Jan 16, 2015

Today

Its hard to keep everyone posted but for those that read the blog... and know of the upcoming surgery.. My platelets were to low last week for them to be comfortable with me having surgery next week. I was put on prednisone to boost my platelets and had an oncology appt this morning at the local cancer center. Good news... platelets went from 54000 last week to 176000 this week.. I am good to go for surgery. BUT... they postponed it one day and I will be going in on Wednesday morning. Its been an emotional roller coaster for me personally, but I am glad I get another day to better prepare mentally, physically, spiritually and logistically. While we don't know the root cause of the low platelets, its enough to get me cleared for surgery. The prednisone is no fun! It robs you of sleep..so I am getting pretty exhausted, but that has been coupled with traveling back from PA and trying to get alot of things done in a short time, along with several bouts of emotional ups and downs. Its all good. I can handle it and I feel bad for my family who might be seeing me at my worse and possibly at my best.. I can only hope all good will come from this. God is certainly working through our lives right now.. its amazing in some ways, when I think about it, what is actually taking place, and probably even more amazing if we saw everything from His eyes. Lord grant us a forgiving heart, patience, peace and comfort.. help settle the dust.
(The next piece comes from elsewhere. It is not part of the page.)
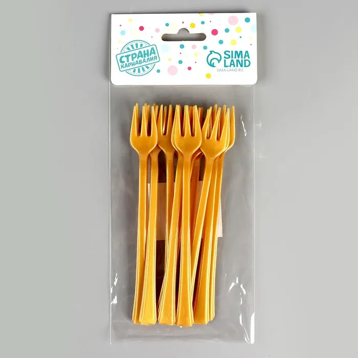 Вилки пластиковые, в наборе 12 штук, золотые — Характеристики

I know when He shakes the ground sometimes the hard and heavy stuff rises to the top.. its ok.. we need to recognize what it is, and know its for a reason. What an adventure I am seeing this as.. I am constantly reminded of Peter and the storm... Lord helps us to keep our eyes and minds fixed on you, that we are not distracted by the things of this world - even if it involves pain, confusion, our own bodies.. You are Lord over my life, help me to always align my thoughts and actions with that Truth! I know I can never go wrong if I do.